Higher Thorne Cottage And Attached Outbuilding is a Grade II listed building in the Torridge local planning authority area, England. First listed on 19 October 1988. Farmhouse. 3 related planning applications.
Higher Thorne Cottage And Attached Outbuilding
- WRENN ID
- buried-chamber-crow
- Grade
- II
- Local Planning Authority
- Torridge
- Country
- England
- Date first listed
- 19 October 1988
- Type
- Farmhouse
- Source
- Historic England listing
Description
Higher Thorne Cottage and attached outbuilding is a farmhouse, likely originally a longhouse, probably dating from the late medieval period. It underwent remodelling in the 17th century and further alterations in the mid-to-late 19th century. The exterior is colourwashed render over cob, set on a stone plinth, with a gabled thatched roof and a rendered stone end stack to the right. The original layout was of the longhouse type, with a two-unit house to the left of a shippon, separated by a through-passage within the shippon. The house is two storeys high with a two-window front. A mid-to-late 19th century entrance to the left has an open-fronted porch leading to a 19th-century plank door. The windows are mid-to-late 19th century two- to three-light casements with flat rendered arches. Two similar windows are visible in the left-hand bay of the shippon; the lower window likely represents a 19th-century blocking of one of the through-passage doors.

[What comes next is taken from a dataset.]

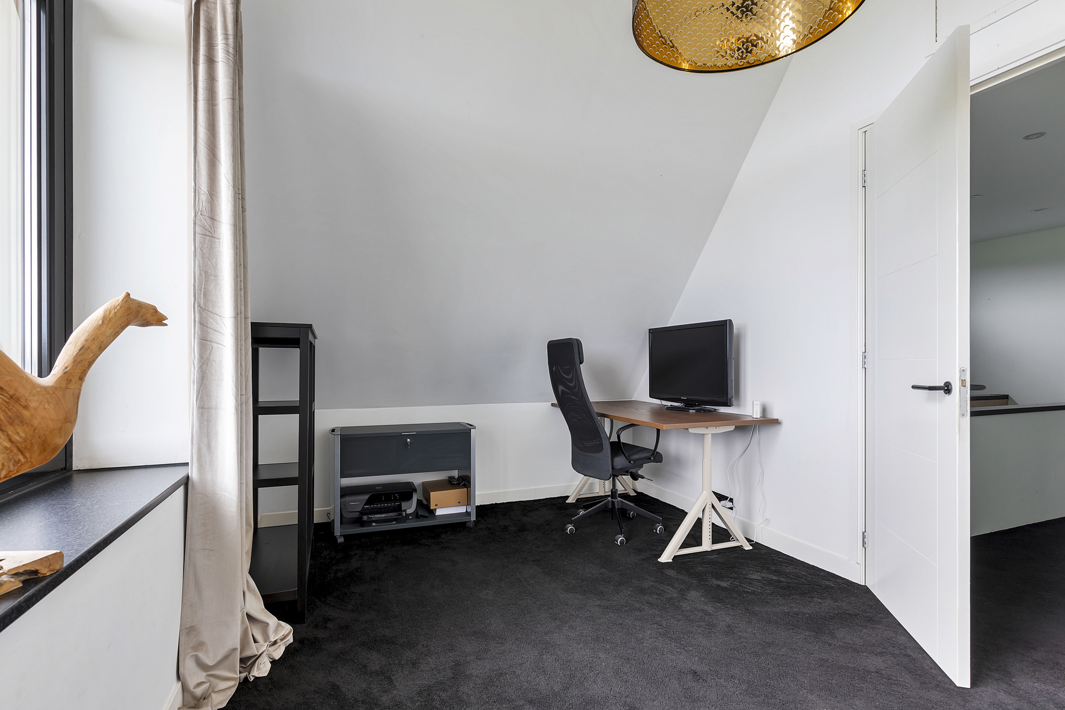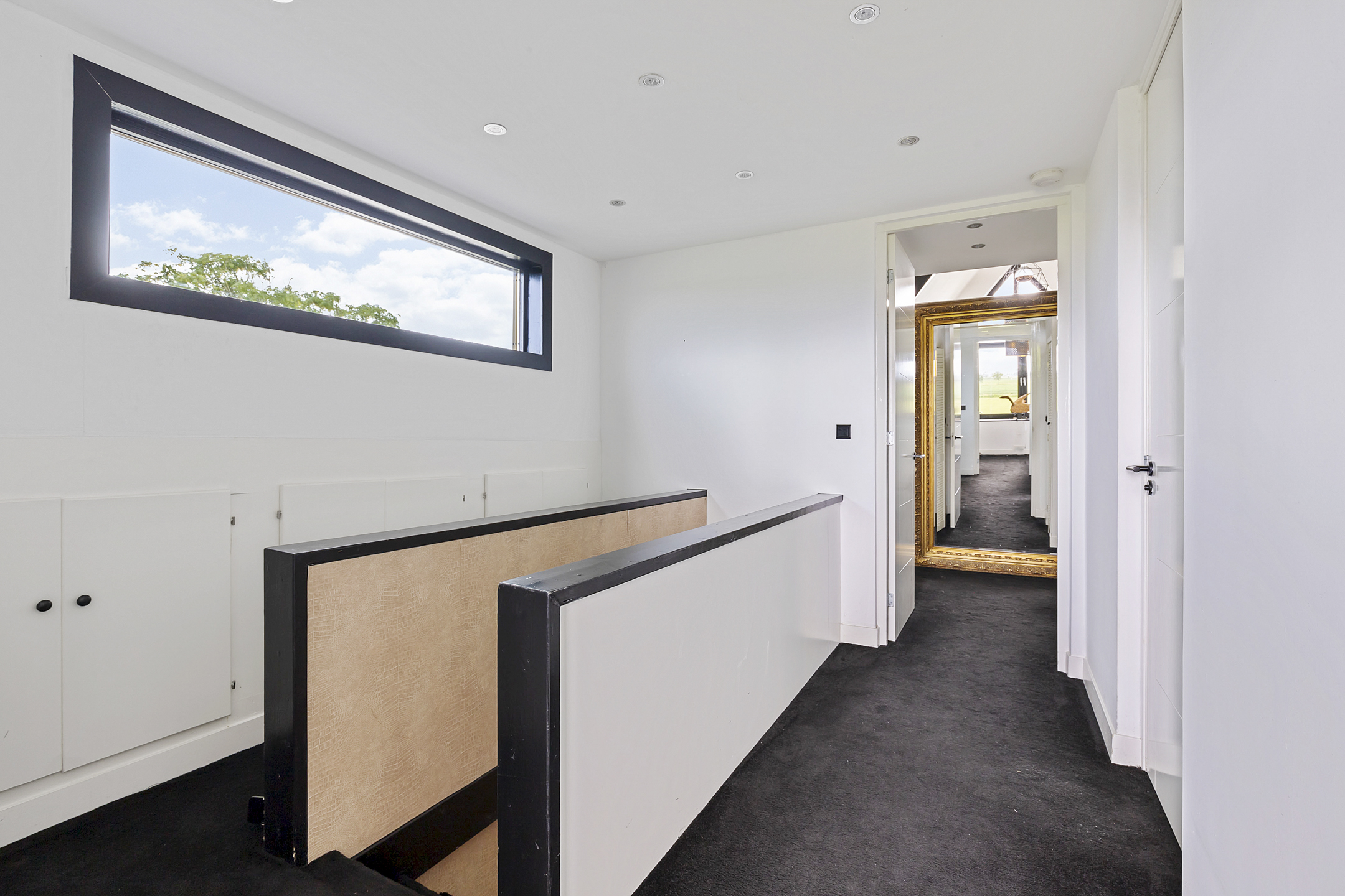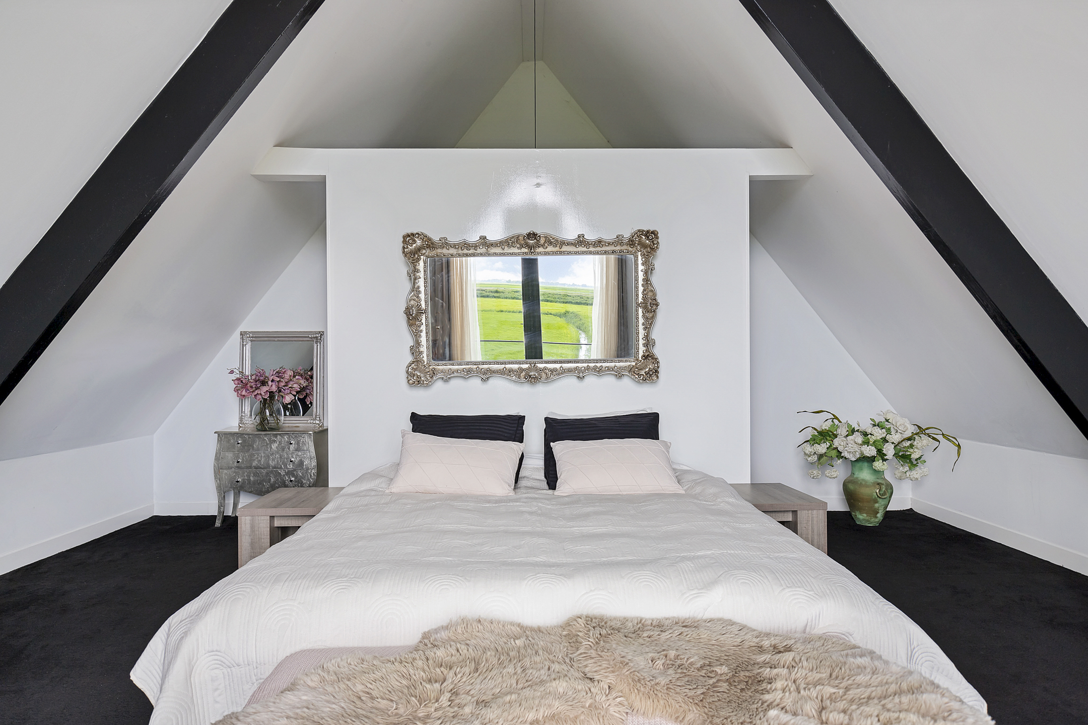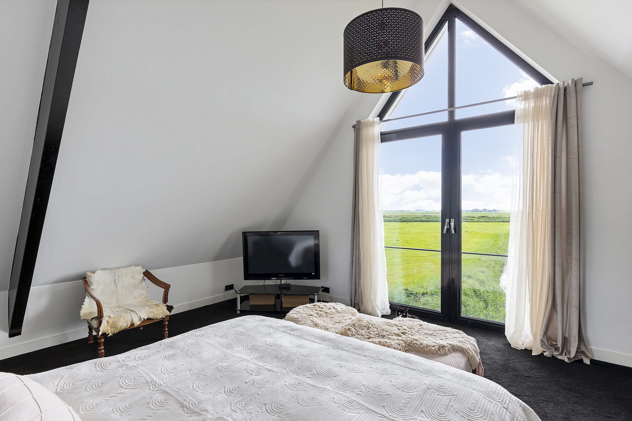 De sfeervolle royale master bedroom met twee inloopkasten onder het schuine dak is gelegen aan de Zuidkant en heeft een kamerhoge raampartij met frans balkon, uitkijkend over de groene weides met aansluitend het Van Harinxmakanaal. Hier word je blij wakker en krijg je energie en zin om de dag te beginnen.

A loft opening is above the 19th-century plank door to the shippon, and there is an old (possibly 17th-century) plank door to the through-passage entry at the rear. Inside the shippon, a cobbled floor remains with a laterally-placed muck channel. There are three 17th-century A-frame trusses with halved and crossed apexes. The partition wall on the left, dividing the shippon and flanking the through-passage, has a late medieval raised cruck with a collar and its ridge purlin set diagonally into a yoked apex, an Alcock type Ll construction. The cruck shows heavy smoke blackening on the side facing the house. The through-passage has two ovolo-moulded joists, one with a jewel stop, both likely reset. Inside the house, there is a chamfered bressummer over an open fireplace with a clay oven and a round-arched cream hob. A mid-to-late 19th century straight-flight stair leads to the first floor, which includes a 17th-century plank door and a 17th-century A-frame roof with pegged collars, although the apex is not visible.